Posted by: oj at October 5, 2005 2:52 PMJohn:
I really don't care at all that she isn't an Ivy Leaguer (plenty of excellent colleges outside it) nor that she hasn't had much time in the Beltway (that's probably a plus as is the fact that she's a Christian).
I just think an SC pick ought to have a more impressive record of accomplishment in whatever field they've devoted their career to.
Bottom line, I think there were better candidates around.
"how in the world could the backwards state of Texas EVER produce a REAL conservative?"
I think Owen, Garza and Edith Jones are all Texans and each of them would have gone down just fine with the elitist neocons.
Posted by: Ali Choudhury at October 5, 2005 3:02 PMAli:
What job in the legal profession is more powerful than White House Counsel?
Posted by: oj at October 5, 2005 3:11 PMThe supreme court?
Posted by: Bob at October 5, 2005 3:19 PMAli: I meant to mention this yesterday. You are now required to immigrate to the US, as no one outside the country is allowed to have an opinion on the 9th, 10th or 11th Amendments.
Posted by: David Cohen at October 5, 2005 3:53 PMDavid:
Call me a weirdo, but I'd miss the British weather (no hurricanes, tornadoes, earthquakes or freezingly cold winters).

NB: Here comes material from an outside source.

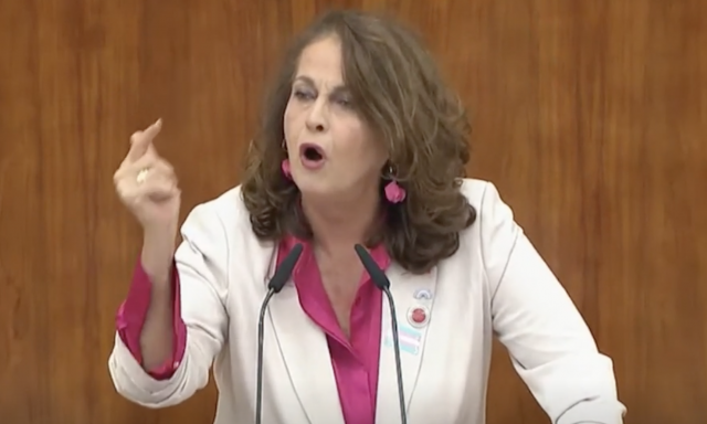 "Esto es terrorismo hacia las personas trans", asegura, "Quiero decir una cosa a todas y todos ustedes, diputados y diputadas del Partido Popular y Vox. Todos y cada uno, hoy, cuando apretéis el botón para votar esta infamia, por cada insulto que recibamos, por cada paliza que nos den, por cada asesinato que se cometa, por cada persona trans que acabe con su vida, cuando aprieten ese botón, pasarán a tener las manos manchadas de sangre. No lo olviden. Esto es terrorismo hacia las personas trans".

Posted by: Ali Choudhury at October 5, 2005 4:19 PM"Miers has worked for the President for some time, he should know where she stands on things."
Bush also claims not to have asscertained her views on Roe v Wade.
Posted by: Robert Schwartz at October 5, 2005 5:06 PMI don't give a hoot where she went to law school. It really doesn't make any difference where she went to law school. All law schools are pretty much the same.
What I do care is that she be a committed conservative, immune to the blandisments of the MSM, the legal establishment and the Georgetown cocktail party circut.
Posted by: Robert Schwartz at October 5, 2005 5:11 PMRobert, Agree, I think the lack of Washington connection is a big problem. Hope Bush sticks with her. It could be fun.(bleep) Georgetown, and I'm Catholic.